Resolved photon processes in DIS and small x dynamics
H. Jung, L. Joensson, H. Kuester
TL;DR
The paper investigates forward jets and other small-x observables in DIS, where conventional LO/DGLAP and NLO QCD fail to describe data. By incorporating virtual resolved photon processes within the RAPGAP framework and exploring two DGLAP ladders toward the proton and photon, the authors show that resolved photons can reproduce HERA data across multiple observables. They find that the dominant resolved contribution arises from q_γ g_p → q g, and that the approach can mimic certain BFKL-like effects without invoking new dynamics. The work suggests resolved photon dynamics as a plausible alternative explanation to BFKL dynamics for small-x phenomena, while acknowledging that distinguishing between these mechanisms remains challenging and that NLO effects already cover part of the resolved-photon behavior.
Abstract
It has been found that recent results on forward jet production from deep inelastic scattering can neither be reproduced by models which are based on leading order alpha_s QCD matrix elements and parton showers nor by next-to-leading order calculations.

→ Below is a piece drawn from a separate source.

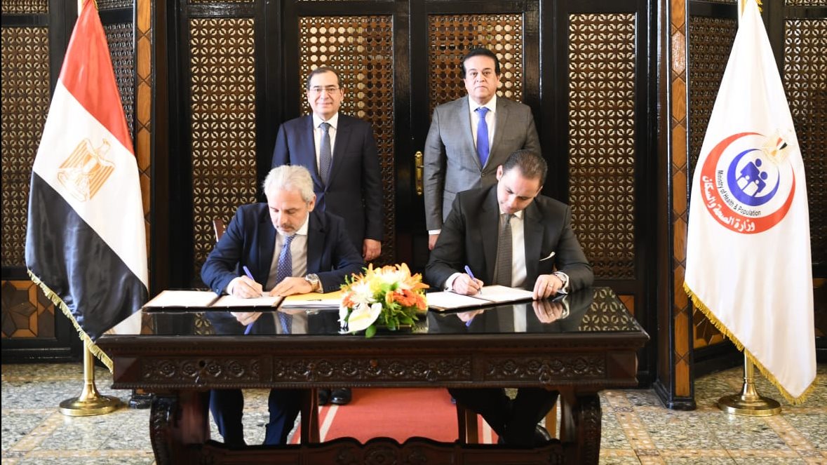 وقع البروتوكول الدكتور محمد الطيب مستشار وزير الصحة والصحة للحوكمة والشؤون الفنية، والمهندس ماتيا كامباناتي المدير العام لشركة إيوك الإيطالية بمصر، وذلك بحضورالمحاسب هشام نورالدين رئيس الإدارة المركزية لمكتب وزير البترول، والمهندس علاء حجر وكيل وزارة البترول والثروة المعدنية للمكتب الفني، بمقر ديوان عام وزارة الصحة والسكان.

The measurement of forward jet cross sections has been suggested as a promising probe of new small x dynamics and the question is whether these data provide an indication of this. The same question arises for other experimental data in deep inelastic scattering at small x which can not be described by conventional models for deep inelastic scattering. In this paper the influence of resolved photon processes has been investigated and it has been studied to what extent such processes are able to reproduce the data. It is shown that two DGLAP evolution chains from the hard scattering process towards the proton and the photon, respectively, are sufficient to describe effects, observed in the HERA data, which have been attributed to BFKL dynamics.